Computing power is just the computational infrastructure of SenseTime's large-scale setup. Above this, it also includes two architectural layers: the model layer and the deep learning layer, corresponding to algorithm model generation and algorithm model training, respectively. To enhance the efficiency of computing power supply, SenseTime jointly developed the DeepLink open computing system. Based on this, various domestic chips can easily adapt to mainstream large model training frameworks and algorithm libraries. This year, SenseTime has expanded compatibility to include mainstream domestic chips such as Huawei Ascend and Cambricon, supporting training, fine-tuning, and inference services for large models. This provides large-scale, high-efficiency, and intensive computing infrastructure services, significantly improving computing power utilization.

In simple terms, it reduces costs and increases efficiency. According to reports, SenseTime's large-scale infrastructure can maintain a 90% acceleration efficiency in large model training services, offering uninterrupted stable training for 30 days. The diagnostic recovery time in case of training interruptions has also been optimized to just half an hour.

Additionally, SenseTime's large-scale infrastructure supports parallel training of ultra-large models with 2 billion parameters (using thousands of cards in parallel) and has added support for multimodal models and mixture-of-experts models.

This is why SenseTime can withstand pressure and become one of the few companies capable of rapidly iterating large models. Since its launch in 2023, the capabilities of SenseTime's "Rixin" large model have significantly improved every three months. According to Frost & Sullivan's "AI Large Model Market Research Report (2023)," SenseTime's AI large model ranked first domestically in 2023 in terms of comprehensive competitiveness, including product technology, strategic vision, and open ecosystem construction. A Future of Co-creation

IDC's latest 2024 V1 edition of the Worldwide Artificial Intelligence and Generative AI Spending Guide reveals that the AI industry is experiencing rapid growth in both investment scale and market size.

In 2022, the global total investment in artificial intelligence (AI) IT reached $132.49 billion. It is projected to grow to $512.42 billion by 2027, with a compound annual growth rate (CAGR) of 31.1%. Notably, generative AI technology is expected to account for 33.0% of China's AI market investment share by 2027.

IDC also highlights that the generative AI market could achieve a CAGR of 85.7%, with the global generative AI market size approaching $150 billion by 2027.

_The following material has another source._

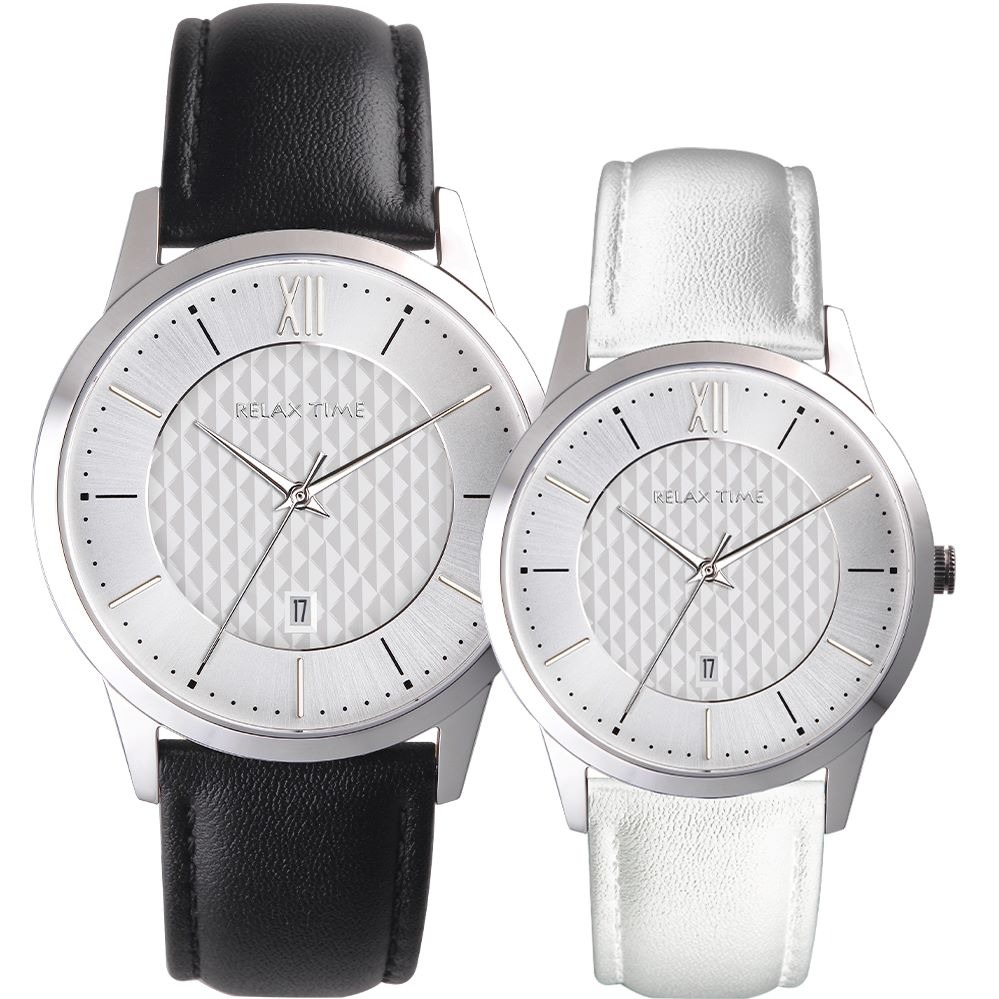 RELAX TIME 石英款 立體格紋時尚對錶 -黑 (RT-118-5M+RT-118-5L) 42+36mm

However, as predicted in an article published by Sequoia China last year, the current focus of the AI wave is on leveraging new technologies to solve real-world problems end-to-end: model capabilities and commercialization paths are inherently two sides of the same coin. This requires both co-creation and individual effort. This precisely reflects SenseTime's potential.

According to financial reports, SenseTime's large-scale infrastructure has demonstrated cost-efficiency capabilities while empowering leading enterprises across multiple sectors—including industry benchmarks like Xiaomi and China Literature, as well as top-tier institutions such as Shanghai Jiao Tong University.

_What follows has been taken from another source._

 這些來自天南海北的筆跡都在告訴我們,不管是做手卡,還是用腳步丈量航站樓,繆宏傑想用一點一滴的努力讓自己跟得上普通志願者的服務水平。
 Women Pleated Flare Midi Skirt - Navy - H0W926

The deep synergy between "large-scale infrastructure + large models" allows SenseTime to maintain technological leadership while transferring these capabilities to other industries. Officially, SenseTime will unveil version 5.0 of its "RIRIXIN" large model during its April technology exchange event, with expectations that its multimodal capabilities will rival GPT4V.

In simple terms, SenseTime currently serves as both the "electricity provider" and the "railway builder."

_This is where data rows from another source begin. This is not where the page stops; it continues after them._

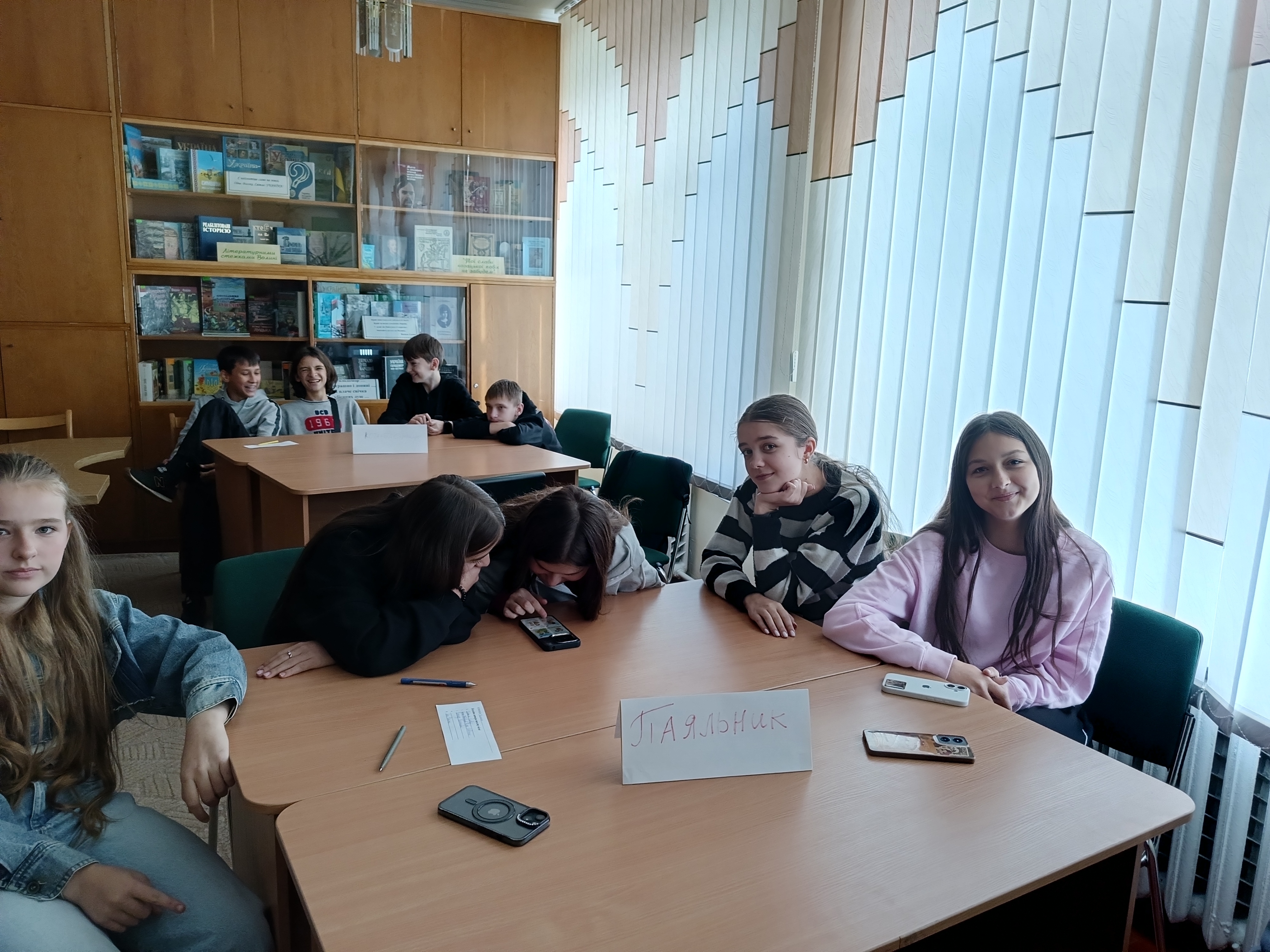 У читальному залі бібліотеки ліцею відбулася інтелектуальна гра «Мову знай та вигравай» з 7-В класом (класний керівник Потурай І.П.), під час якої учні перевіряли свої знання з української мови в цікавій ігровій формі. Діти розв’язували мовні загадки, добирали синоніми, фразеологізми. Пояснювали значення слів і змагалися у швидкості мислення та кмітливості. Гра проходила жваво, у дружній атмосфері, сповненій сміху й азарту.
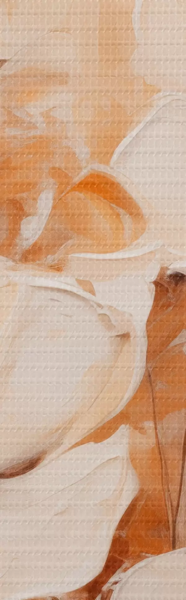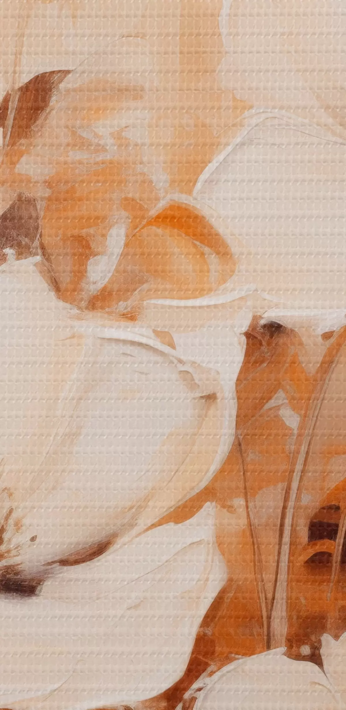 Kép Fehér virágok narancssárga levelekkel, finom ecsetvonások, meleg színpaletta, elegáns kompozíció Nr r45573
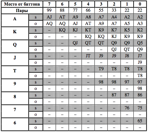 Хороший чарт, сам им пользуюсь. Понятно что бывают ситуации когда надо тайтовее или лузовее играть от предлагаемых стартеров. По нему также частенько ориентируюсь с чем 3-бетить.
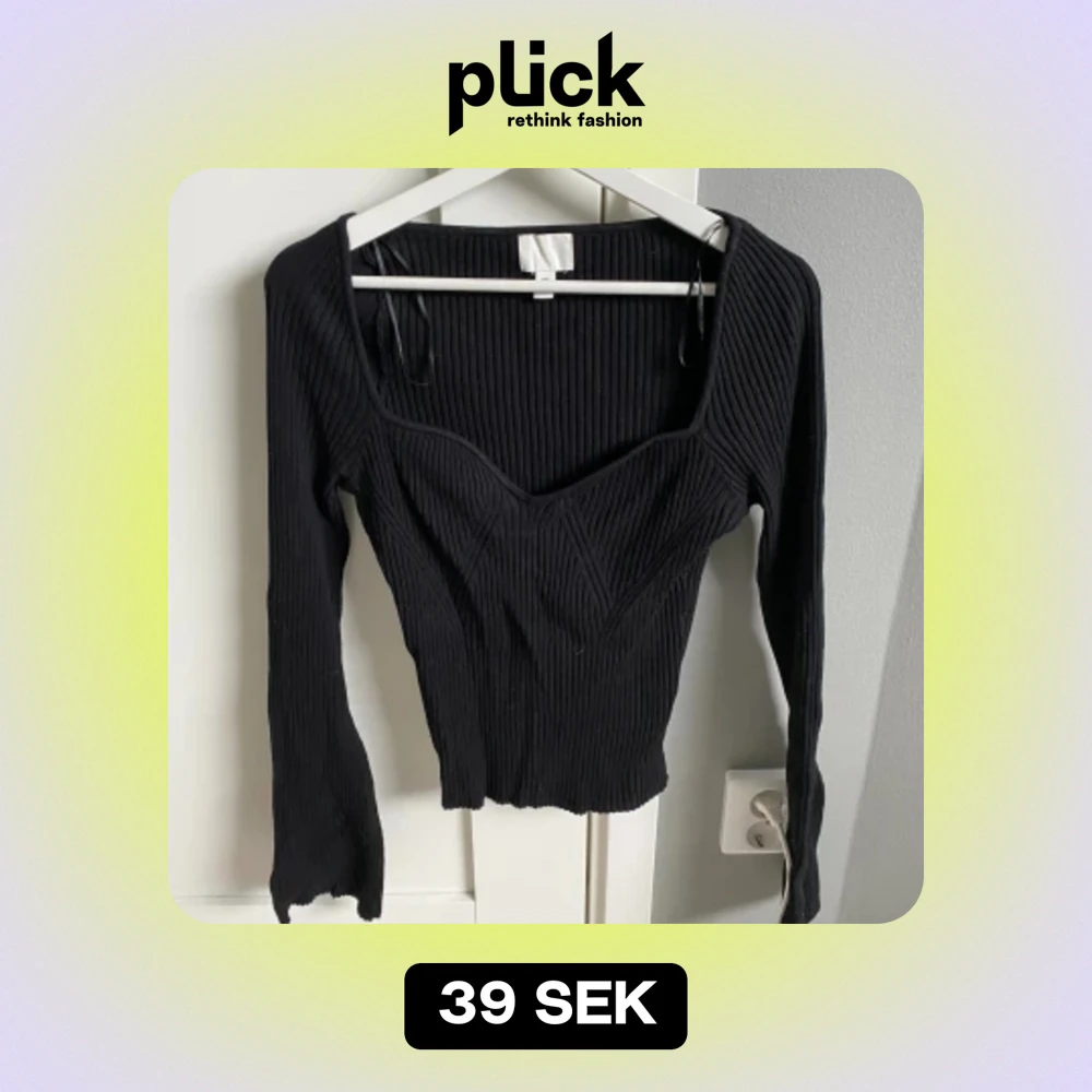 En svart stickad topp från H&M. Urringad bekväm. Använd ca 8 gånger. Skulle säga att den passar M också men även större storlek då den är stretchig i materialet.
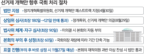 국회 정치개혁특별위원회가 29일 공직선거법 개정안을 의결해 법제사법위원회에 넘기면서 선거제 개편안이 지난 4월 패스트트랙 지정 후 첫 관문을 넘었다. 당장 여야 4당이 자유한국당을 제외하고 법안을 처리하면서 한국당의 반발로 정개특위 이후 인사청문회를 제외한 국회 상임위 등이 줄줄이 취소되는 등 정국 경색의 방아쇠가 당겨졌다는 평가다. 법제사법위원회 심의를 거쳐 법안이 본회의에 상정돼도 최종 통과를 장담할 수는 없다는 관측도 나온다. 비례제 확대의 특성상 거대 양당에 불리해 더불어민주당과 일부 정당 내부에서 이탈표가 나올 가능성도 있어서다.
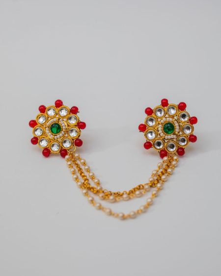 Enhance your elegance with our Lalita Dual Kundan Ring, a perfect blend of traditional craftsmanship and contemporary style. Adorned with radiant red and green stones, each intricately set in gold-plated brass, this ring is a statement piece for any occasion. The delicate pearl chain connects the two rings, adding an artisanal touch and making it an ideal accessory for weddings, parties, and festive celebrations. Elevate your jewelry collection with this timeless Kundan beauty and let your style shine.
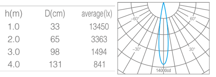 • 光束角15°

As Xu Li, Chairman and CEO of SenseTime, stated: "Generative AI is no longer just a transformative innovation in technology for SenseTime—it has become the company's core business. The growth of SenseTime's generative AI business stems from widespread demand across industries for large model training and inference, marking the official launch of a new cycle in China's hard-tech investments. By deeply integrating generative AI capabilities across all business layers, SenseTime is acquiring new clients while driving comprehensive improvements in efficiency and productivity."

The only thing SenseTime needs to do is stay the course.